====== Recorded information

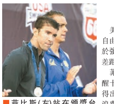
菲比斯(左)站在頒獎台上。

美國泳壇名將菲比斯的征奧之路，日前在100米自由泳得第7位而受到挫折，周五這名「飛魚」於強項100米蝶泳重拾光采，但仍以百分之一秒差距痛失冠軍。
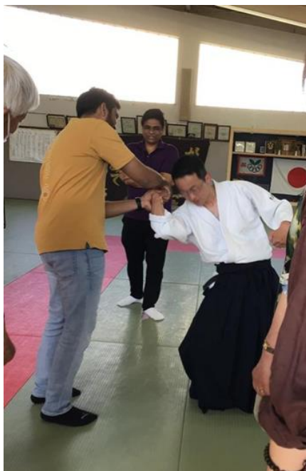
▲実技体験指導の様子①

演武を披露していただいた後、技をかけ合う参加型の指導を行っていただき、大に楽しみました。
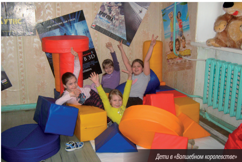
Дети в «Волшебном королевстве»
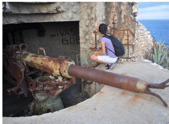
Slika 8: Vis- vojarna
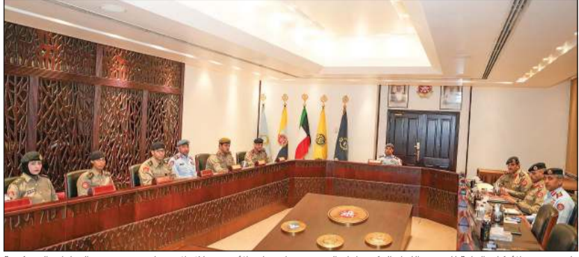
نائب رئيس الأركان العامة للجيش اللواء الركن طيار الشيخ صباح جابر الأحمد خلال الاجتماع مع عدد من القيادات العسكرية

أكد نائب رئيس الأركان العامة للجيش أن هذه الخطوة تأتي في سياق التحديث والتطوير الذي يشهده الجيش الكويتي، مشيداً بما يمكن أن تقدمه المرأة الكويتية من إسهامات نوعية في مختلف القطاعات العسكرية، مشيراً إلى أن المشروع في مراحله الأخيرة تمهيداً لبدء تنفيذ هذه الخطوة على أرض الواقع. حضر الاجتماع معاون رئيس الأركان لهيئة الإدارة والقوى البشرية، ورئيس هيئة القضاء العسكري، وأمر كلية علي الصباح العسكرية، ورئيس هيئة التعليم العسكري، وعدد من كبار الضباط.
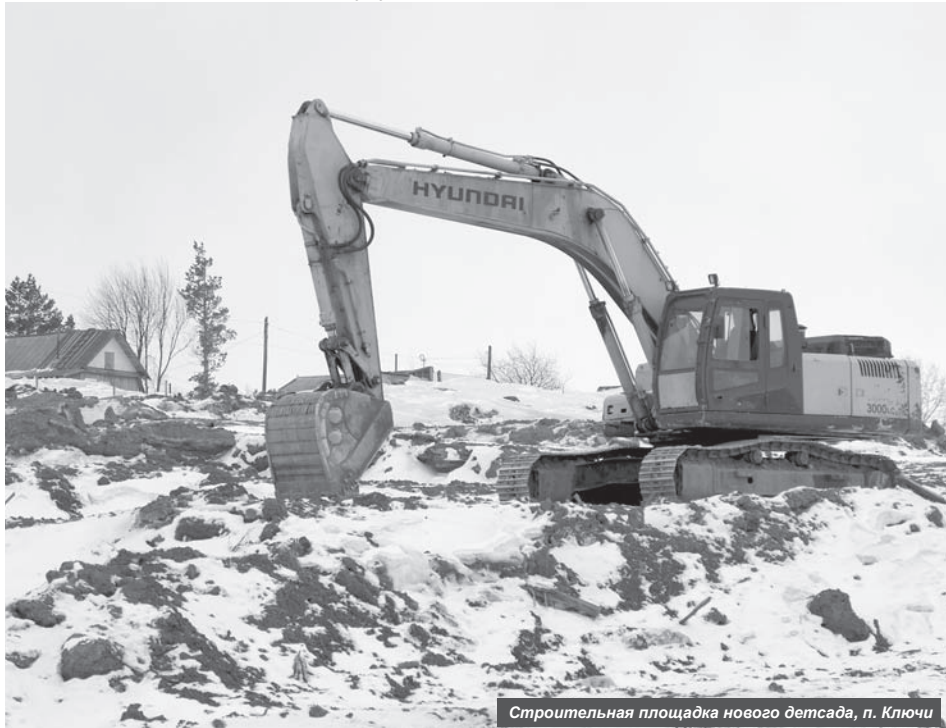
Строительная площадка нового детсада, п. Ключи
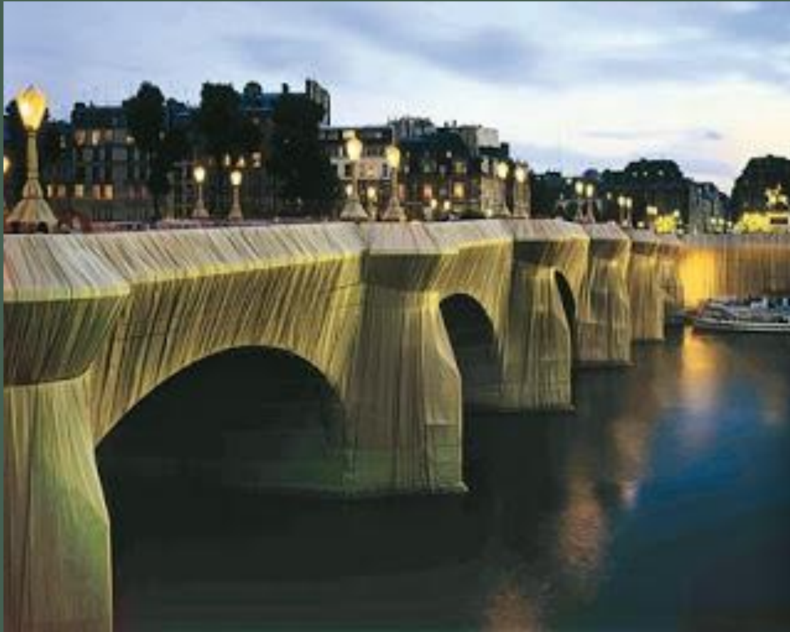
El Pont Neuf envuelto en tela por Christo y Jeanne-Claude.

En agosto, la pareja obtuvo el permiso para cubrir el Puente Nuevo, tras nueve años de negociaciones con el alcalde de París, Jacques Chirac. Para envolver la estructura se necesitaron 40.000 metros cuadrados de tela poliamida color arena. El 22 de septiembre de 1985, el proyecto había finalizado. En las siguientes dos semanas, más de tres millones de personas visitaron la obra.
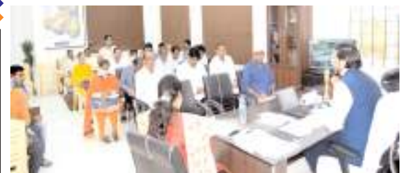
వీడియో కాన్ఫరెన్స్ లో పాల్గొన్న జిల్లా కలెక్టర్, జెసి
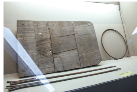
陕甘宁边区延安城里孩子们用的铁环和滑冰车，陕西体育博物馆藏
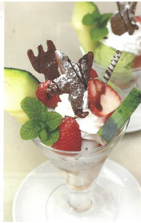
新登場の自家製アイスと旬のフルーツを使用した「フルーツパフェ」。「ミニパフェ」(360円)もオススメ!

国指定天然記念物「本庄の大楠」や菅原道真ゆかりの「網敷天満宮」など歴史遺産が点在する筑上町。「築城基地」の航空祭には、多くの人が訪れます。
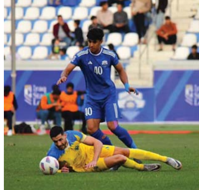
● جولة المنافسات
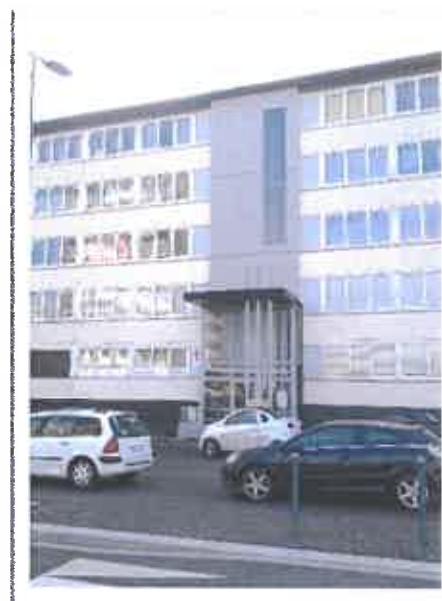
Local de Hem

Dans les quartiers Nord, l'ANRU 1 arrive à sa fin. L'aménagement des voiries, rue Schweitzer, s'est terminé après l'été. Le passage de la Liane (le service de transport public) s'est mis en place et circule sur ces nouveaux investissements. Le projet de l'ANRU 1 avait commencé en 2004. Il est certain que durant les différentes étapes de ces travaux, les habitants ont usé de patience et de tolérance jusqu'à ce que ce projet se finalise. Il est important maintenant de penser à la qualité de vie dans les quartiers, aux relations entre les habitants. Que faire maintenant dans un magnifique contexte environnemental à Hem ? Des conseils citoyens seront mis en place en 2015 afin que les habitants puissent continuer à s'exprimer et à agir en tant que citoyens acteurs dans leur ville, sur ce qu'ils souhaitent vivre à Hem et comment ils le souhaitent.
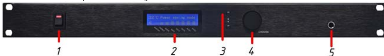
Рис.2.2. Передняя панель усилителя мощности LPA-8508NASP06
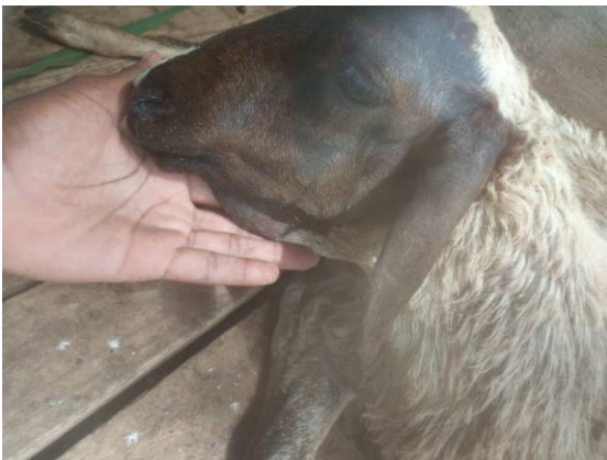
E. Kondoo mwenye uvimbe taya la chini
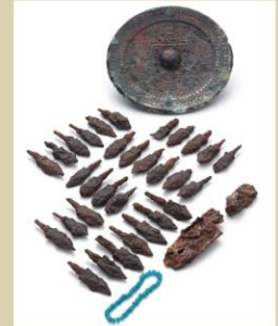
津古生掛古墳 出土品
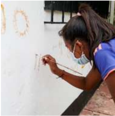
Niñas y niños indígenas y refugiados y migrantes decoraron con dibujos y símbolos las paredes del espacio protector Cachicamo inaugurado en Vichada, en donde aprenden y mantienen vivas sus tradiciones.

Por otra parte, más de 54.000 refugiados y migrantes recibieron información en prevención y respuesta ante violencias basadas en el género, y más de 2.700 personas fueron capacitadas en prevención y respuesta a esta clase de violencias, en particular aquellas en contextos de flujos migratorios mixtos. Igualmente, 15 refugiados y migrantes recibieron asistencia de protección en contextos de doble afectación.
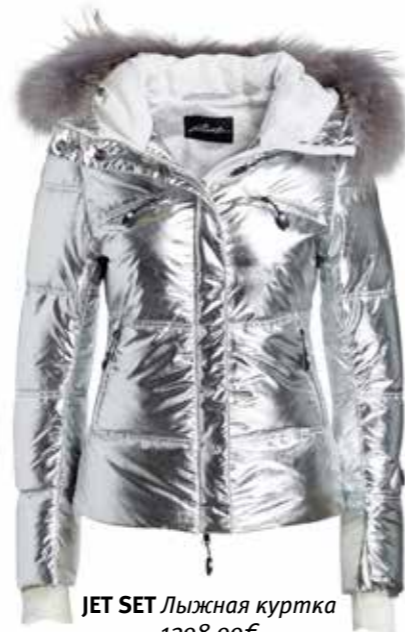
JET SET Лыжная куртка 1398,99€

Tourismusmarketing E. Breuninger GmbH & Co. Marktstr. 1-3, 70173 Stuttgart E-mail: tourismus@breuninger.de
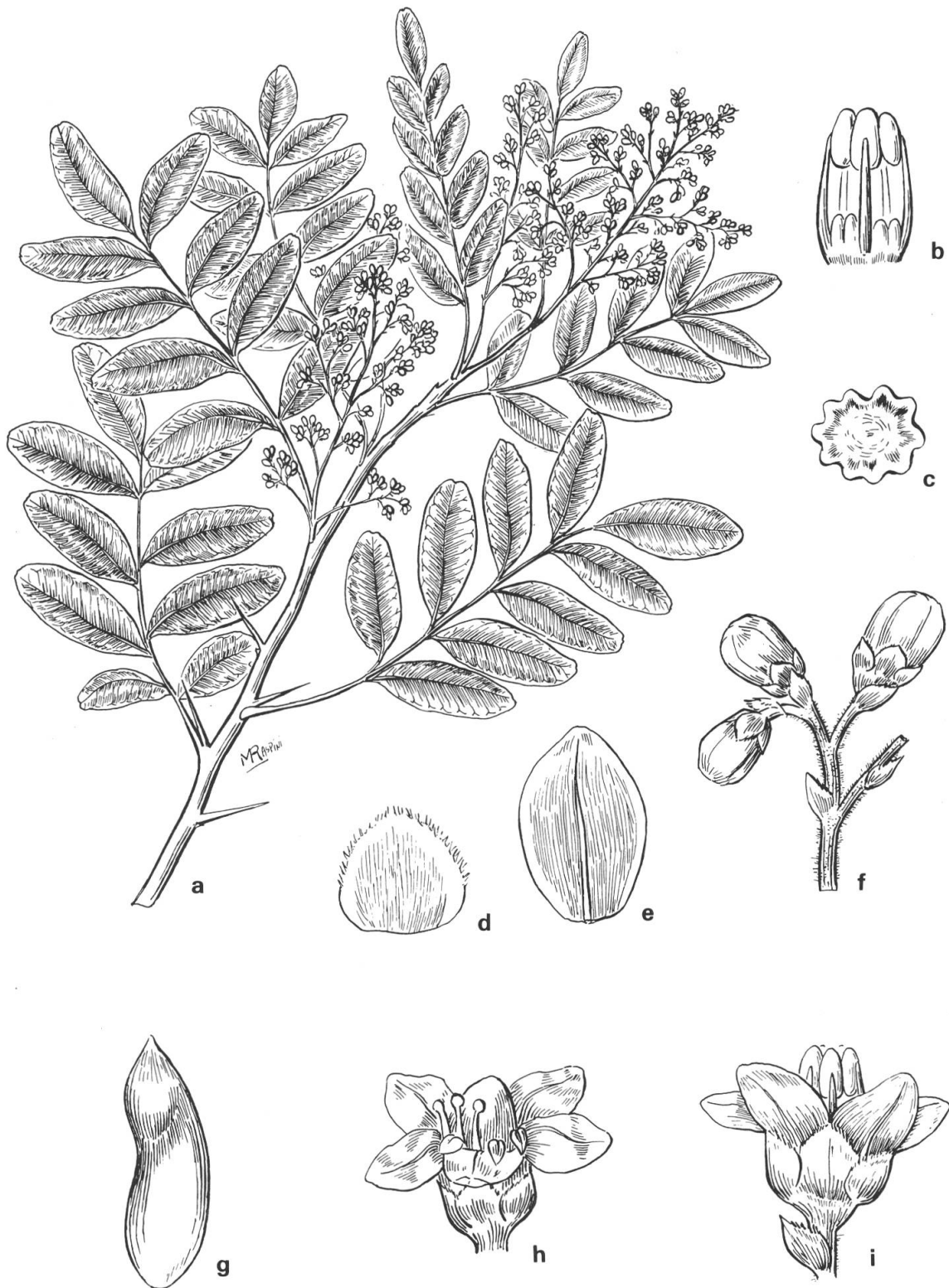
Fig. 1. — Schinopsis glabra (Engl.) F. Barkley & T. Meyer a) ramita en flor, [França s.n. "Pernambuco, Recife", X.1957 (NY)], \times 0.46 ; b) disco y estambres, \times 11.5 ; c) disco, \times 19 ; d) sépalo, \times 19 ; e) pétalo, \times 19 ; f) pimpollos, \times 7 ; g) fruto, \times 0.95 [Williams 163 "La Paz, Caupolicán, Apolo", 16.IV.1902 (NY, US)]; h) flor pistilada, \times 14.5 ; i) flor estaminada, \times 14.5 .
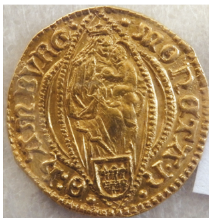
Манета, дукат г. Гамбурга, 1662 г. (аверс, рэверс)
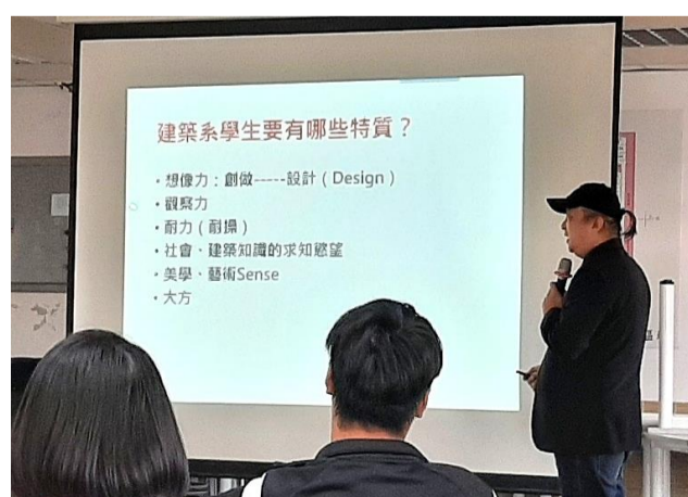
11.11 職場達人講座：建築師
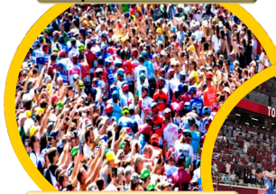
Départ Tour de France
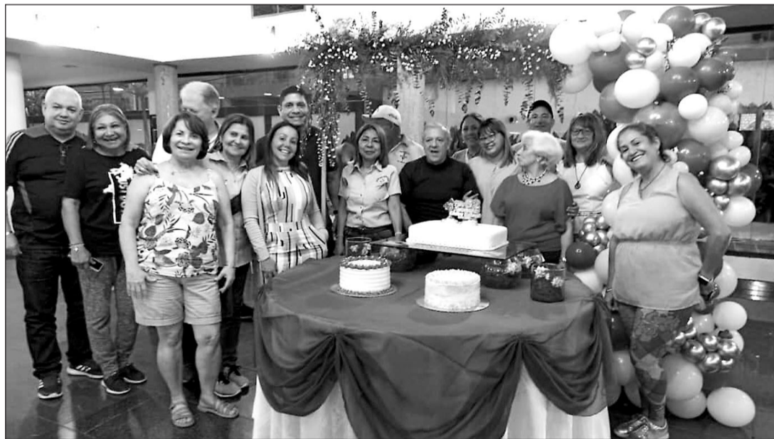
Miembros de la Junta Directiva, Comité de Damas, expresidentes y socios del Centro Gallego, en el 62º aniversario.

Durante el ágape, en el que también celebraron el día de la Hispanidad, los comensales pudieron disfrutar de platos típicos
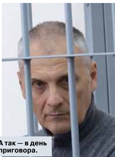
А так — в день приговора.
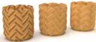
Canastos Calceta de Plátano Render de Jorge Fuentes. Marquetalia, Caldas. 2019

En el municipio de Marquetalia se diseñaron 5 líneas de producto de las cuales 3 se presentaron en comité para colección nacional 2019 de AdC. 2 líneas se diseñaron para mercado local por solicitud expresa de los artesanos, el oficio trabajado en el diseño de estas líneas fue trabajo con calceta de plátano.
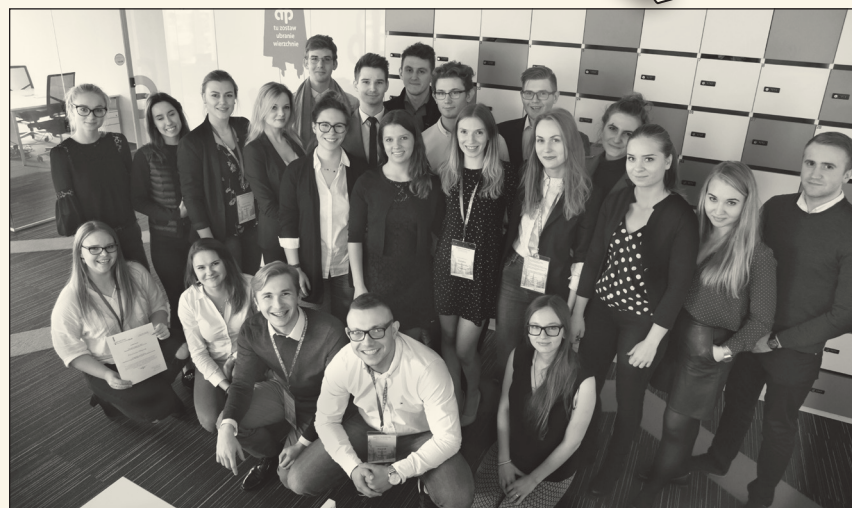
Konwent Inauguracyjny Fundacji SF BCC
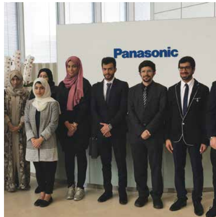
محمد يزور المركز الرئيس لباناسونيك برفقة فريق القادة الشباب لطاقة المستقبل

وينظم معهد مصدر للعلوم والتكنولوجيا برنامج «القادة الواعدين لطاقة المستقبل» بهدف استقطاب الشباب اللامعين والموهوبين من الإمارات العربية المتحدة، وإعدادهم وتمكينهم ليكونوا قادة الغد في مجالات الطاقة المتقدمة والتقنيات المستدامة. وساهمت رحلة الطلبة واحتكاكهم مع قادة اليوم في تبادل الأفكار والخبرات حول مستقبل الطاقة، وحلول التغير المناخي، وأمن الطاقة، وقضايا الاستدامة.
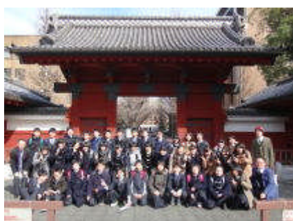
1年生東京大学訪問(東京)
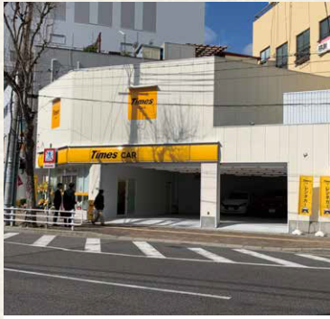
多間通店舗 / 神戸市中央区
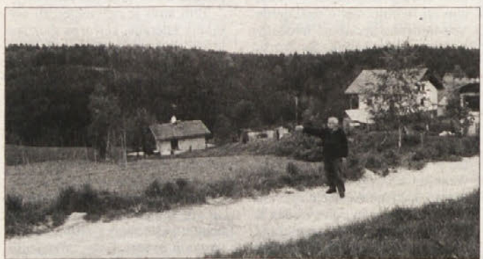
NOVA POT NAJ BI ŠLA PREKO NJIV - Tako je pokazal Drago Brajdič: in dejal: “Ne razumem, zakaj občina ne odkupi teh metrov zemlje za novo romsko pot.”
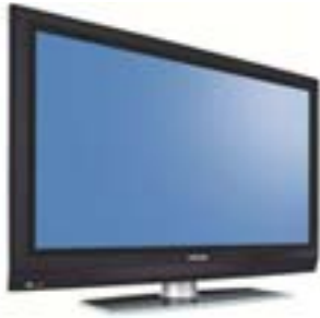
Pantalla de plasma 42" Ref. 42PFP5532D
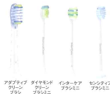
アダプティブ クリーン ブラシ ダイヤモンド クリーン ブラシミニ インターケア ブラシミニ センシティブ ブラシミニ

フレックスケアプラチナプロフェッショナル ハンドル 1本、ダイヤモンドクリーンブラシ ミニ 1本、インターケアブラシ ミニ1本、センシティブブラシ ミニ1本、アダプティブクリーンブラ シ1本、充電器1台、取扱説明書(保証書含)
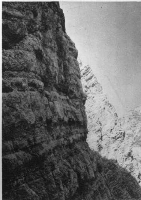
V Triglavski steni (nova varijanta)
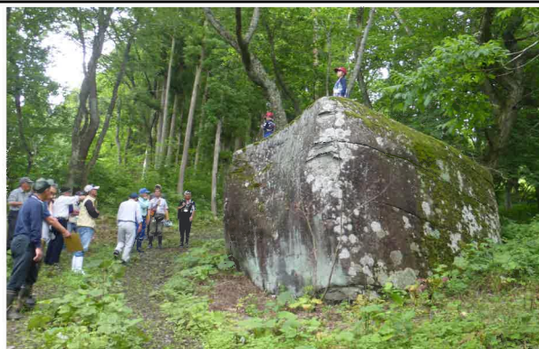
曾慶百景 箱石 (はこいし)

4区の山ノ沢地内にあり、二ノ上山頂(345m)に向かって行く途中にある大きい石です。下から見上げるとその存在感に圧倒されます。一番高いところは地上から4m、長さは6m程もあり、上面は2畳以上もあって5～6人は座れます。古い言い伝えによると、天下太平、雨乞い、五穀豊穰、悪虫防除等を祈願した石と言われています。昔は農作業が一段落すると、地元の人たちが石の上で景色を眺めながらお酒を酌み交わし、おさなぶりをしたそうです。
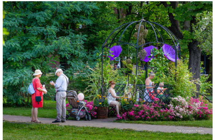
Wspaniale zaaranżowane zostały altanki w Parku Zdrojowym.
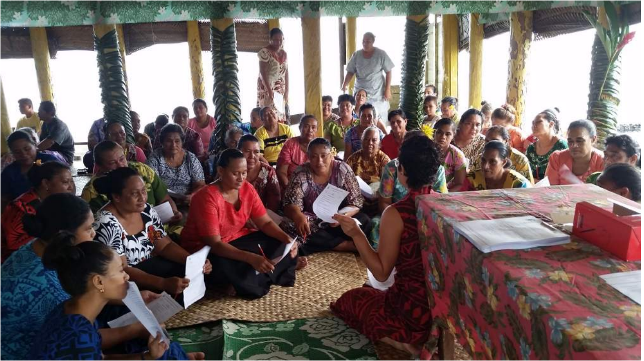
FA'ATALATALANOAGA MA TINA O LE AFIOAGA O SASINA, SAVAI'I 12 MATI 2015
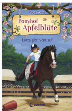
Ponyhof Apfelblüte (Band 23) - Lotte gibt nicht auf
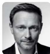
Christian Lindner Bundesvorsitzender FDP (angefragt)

============

*Directions for this task*:
The required output is a copy of each line in the records where the string "tela" occurs.

*Solved exercise*:
El Pont Neuf envuelto en tela por Christo y Jeanne-Claude.
En agosto, la pareja obtuvo el permiso para cubrir el Puente Nuevo, tras nueve años de negociaciones con el alcalde de París, Jacques Chirac. Para envolver la estructura se necesitaron 40.000 metros cuadrados de tela poliamida color arena. El 22 de septiembre de 1985, el proyecto había finalizado. En las siguientes dos semanas, más de tres millones de personas visitaron la obra.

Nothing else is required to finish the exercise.